*** Opening of EXERCISE MATERIAL ***

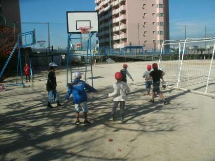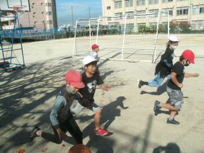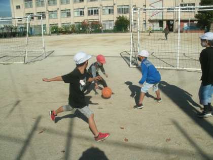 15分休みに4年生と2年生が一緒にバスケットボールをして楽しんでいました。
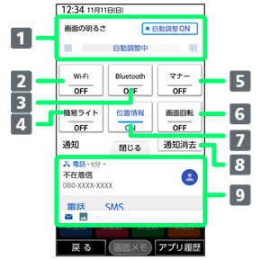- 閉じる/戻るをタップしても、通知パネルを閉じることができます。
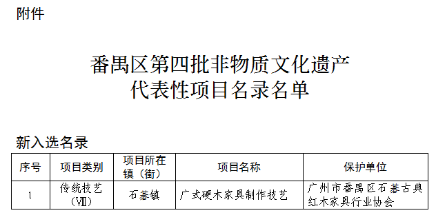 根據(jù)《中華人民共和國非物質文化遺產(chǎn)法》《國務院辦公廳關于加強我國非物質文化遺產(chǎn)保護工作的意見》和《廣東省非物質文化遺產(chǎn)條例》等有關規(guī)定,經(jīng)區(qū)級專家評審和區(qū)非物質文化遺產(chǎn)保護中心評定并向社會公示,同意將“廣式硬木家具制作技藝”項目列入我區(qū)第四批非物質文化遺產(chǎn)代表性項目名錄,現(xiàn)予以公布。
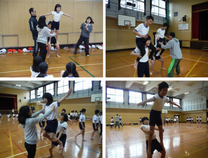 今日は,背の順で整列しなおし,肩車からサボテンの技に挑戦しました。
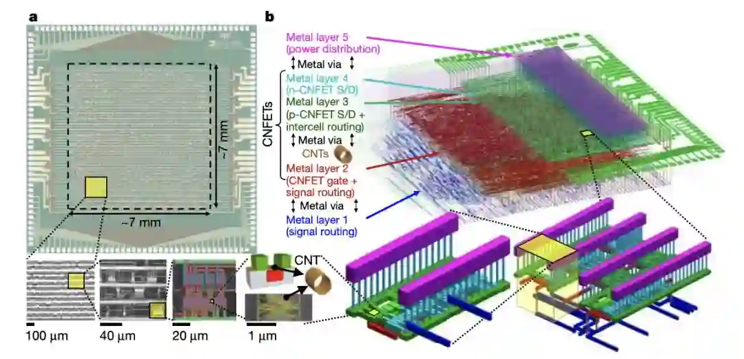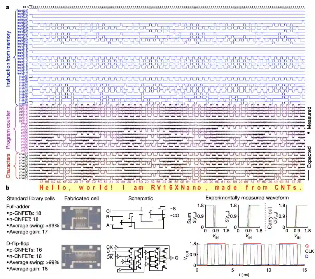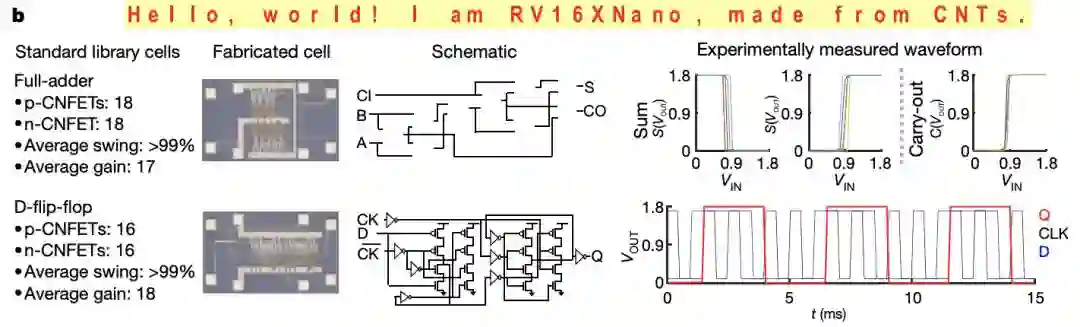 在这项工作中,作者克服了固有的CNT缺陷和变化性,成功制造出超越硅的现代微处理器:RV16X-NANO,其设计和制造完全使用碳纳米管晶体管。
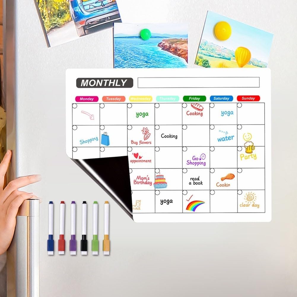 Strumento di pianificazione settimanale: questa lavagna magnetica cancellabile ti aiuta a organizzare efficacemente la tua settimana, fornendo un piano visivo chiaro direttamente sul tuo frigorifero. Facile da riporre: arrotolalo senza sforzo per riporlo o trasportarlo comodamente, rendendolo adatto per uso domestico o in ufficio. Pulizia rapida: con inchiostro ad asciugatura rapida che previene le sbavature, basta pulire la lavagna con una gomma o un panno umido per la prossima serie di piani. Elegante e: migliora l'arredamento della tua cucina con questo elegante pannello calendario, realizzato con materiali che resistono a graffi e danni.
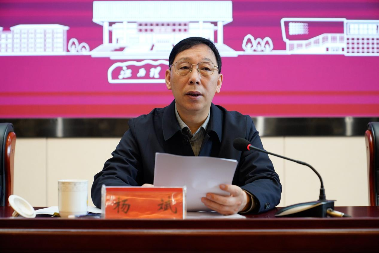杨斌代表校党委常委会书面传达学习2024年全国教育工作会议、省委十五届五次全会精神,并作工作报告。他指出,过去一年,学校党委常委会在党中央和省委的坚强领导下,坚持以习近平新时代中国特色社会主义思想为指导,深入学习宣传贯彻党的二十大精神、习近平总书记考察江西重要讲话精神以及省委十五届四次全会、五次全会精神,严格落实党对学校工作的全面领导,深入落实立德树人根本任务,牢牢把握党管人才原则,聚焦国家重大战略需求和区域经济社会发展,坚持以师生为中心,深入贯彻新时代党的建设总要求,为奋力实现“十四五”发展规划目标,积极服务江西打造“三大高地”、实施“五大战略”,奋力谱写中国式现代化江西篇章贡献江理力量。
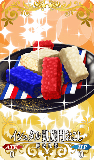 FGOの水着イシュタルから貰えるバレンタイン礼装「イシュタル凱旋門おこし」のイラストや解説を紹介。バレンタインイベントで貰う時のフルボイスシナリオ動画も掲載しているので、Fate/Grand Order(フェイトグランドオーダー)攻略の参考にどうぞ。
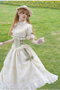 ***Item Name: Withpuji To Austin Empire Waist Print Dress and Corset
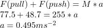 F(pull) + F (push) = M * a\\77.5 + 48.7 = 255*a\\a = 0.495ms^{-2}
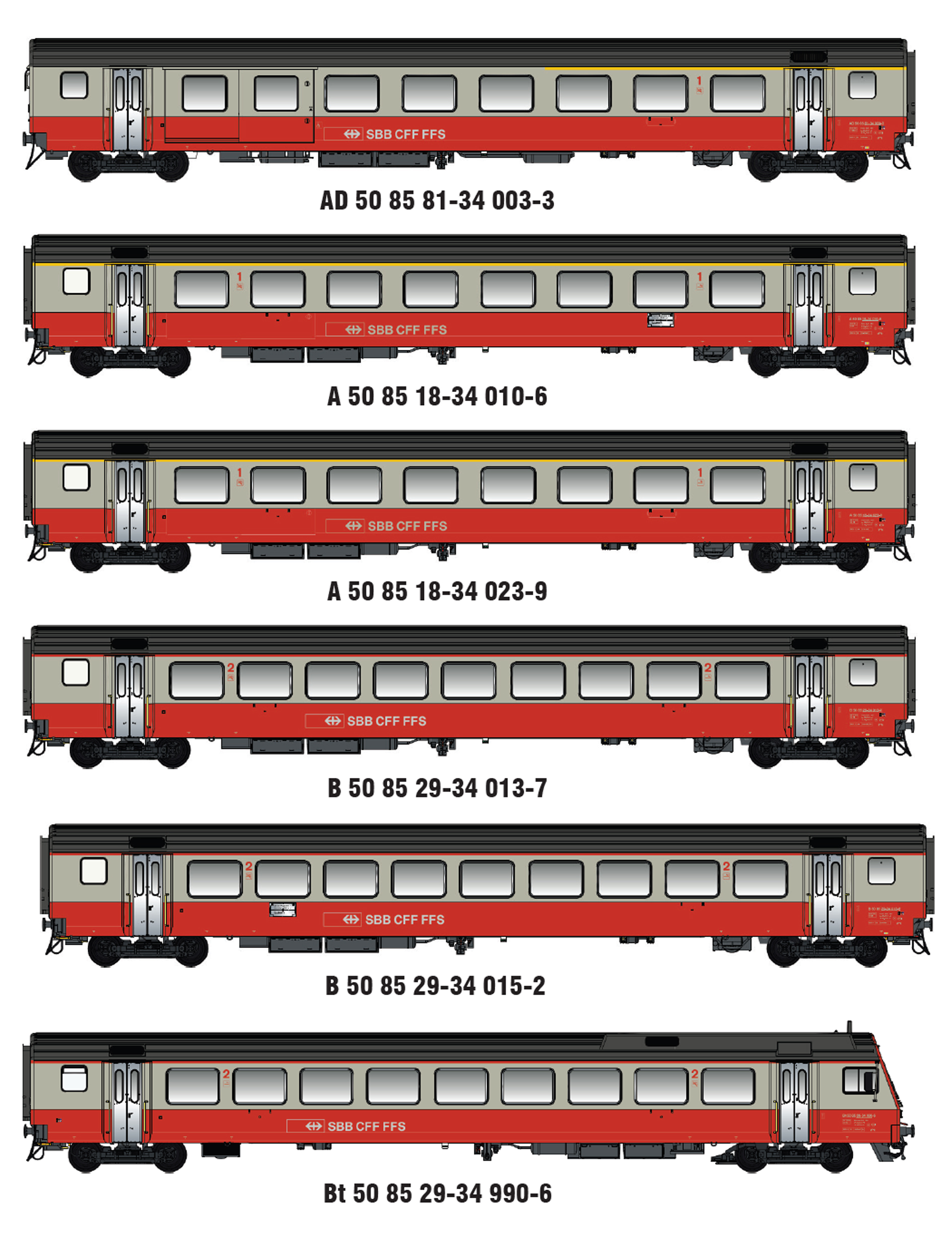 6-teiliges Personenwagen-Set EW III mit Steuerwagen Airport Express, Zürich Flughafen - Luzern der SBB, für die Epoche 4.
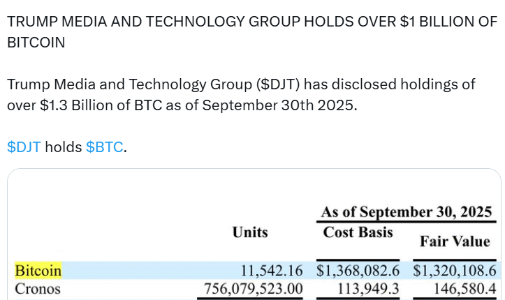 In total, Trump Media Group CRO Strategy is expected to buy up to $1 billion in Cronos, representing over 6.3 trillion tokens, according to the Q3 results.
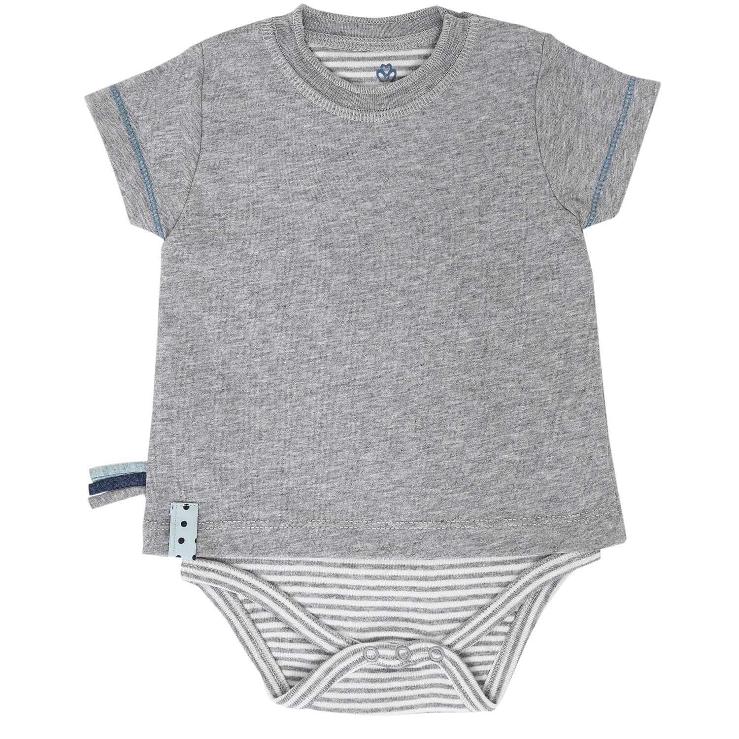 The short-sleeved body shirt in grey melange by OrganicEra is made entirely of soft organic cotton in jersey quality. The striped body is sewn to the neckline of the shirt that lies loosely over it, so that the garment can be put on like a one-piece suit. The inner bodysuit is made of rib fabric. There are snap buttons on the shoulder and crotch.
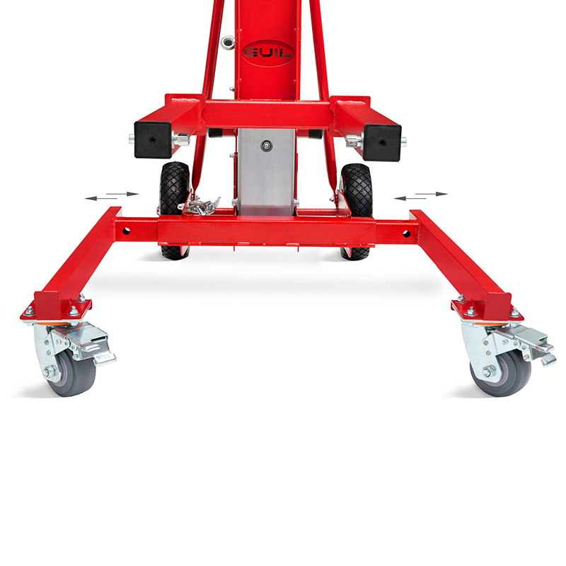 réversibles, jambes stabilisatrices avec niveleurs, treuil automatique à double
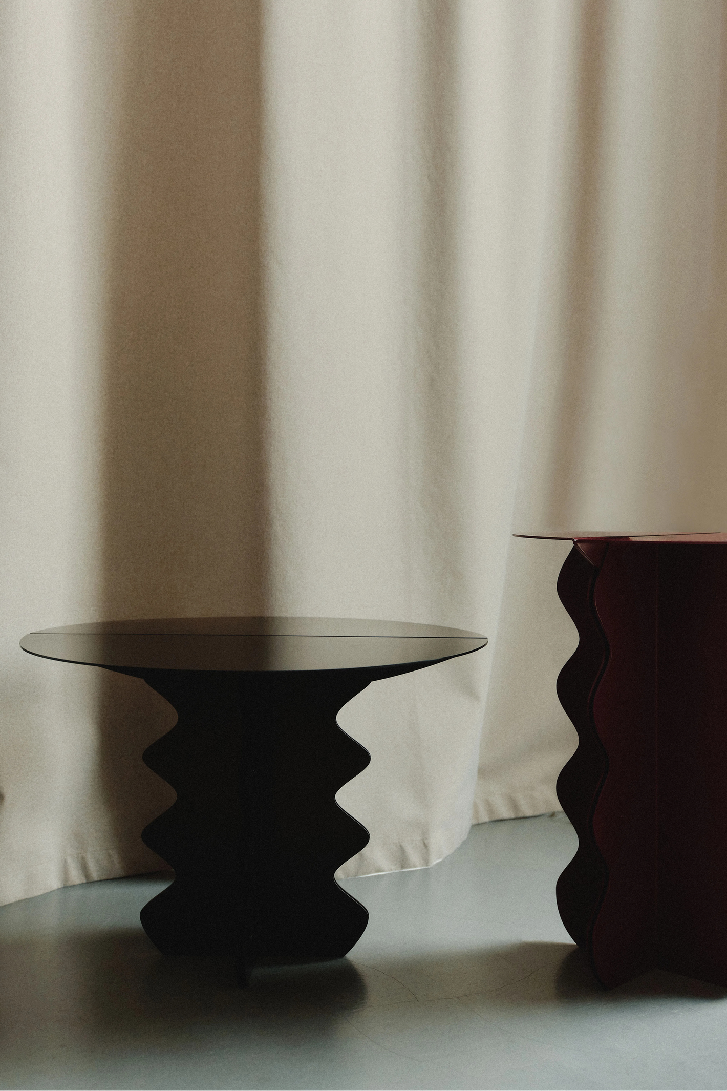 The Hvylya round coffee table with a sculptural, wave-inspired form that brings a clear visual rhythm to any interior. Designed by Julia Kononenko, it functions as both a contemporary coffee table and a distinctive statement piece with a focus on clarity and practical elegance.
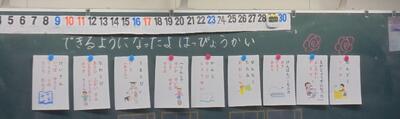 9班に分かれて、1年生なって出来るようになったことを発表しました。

*** Close of EXERCISE MATERIAL ***

WHAT TO PRODUCE | Could you reproduce exactly, and only, the lines from the start of the records through the line containing "Strumento di pianificazione", leaving out the pictures?

WRITTEN REPLY |
 15分休みに4年生と2年生が一緒にバスケットボールをして楽しんでいました。
- 閉じる/戻るをタップしても、通知パネルを閉じることができます。
 根據(jù)《中華人民共和國非物質文化遺產(chǎn)法》《國務院辦公廳關于加強我國非物質文化遺產(chǎn)保護工作的意見》和《廣東省非物質文化遺產(chǎn)條例》等有關規(guī)定,經(jīng)區(qū)級專家評審和區(qū)非物質文化遺產(chǎn)保護中心評定并向社會公示,同意將“廣式硬木家具制作技藝”項目列入我區(qū)第四批非物質文化遺產(chǎn)代表性項目名錄,現(xiàn)予以公布。
 今日は,背の順で整列しなおし,肩車からサボテンの技に挑戦しました。
 在这项工作中,作者克服了固有的CNT缺陷和变化性,成功制造出超越硅的现代微处理器:RV16X-NANO,其设计和制造完全使用碳纳米管晶体管。
 Strumento di pianificazione settimanale: questa lavagna magnetica cancellabile ti aiuta a organizzare efficacemente la tua settimana, fornendo un piano visivo chiaro direttamente sul tuo frigorifero. Facile da riporre: arrotolalo senza sforzo per riporlo o trasportarlo comodamente, rendendolo adatto per uso domestico o in ufficio. Pulizia rapida: con inchiostro ad asciugatura rapida che previene le sbavature, basta pulire la lavagna con una gomma o un panno umido per la prossima serie di piani. Elegante e: migliora l'arredamento della tua cucina con questo elegante pannello calendario, realizzato con materiali che resistono a graffi e danni.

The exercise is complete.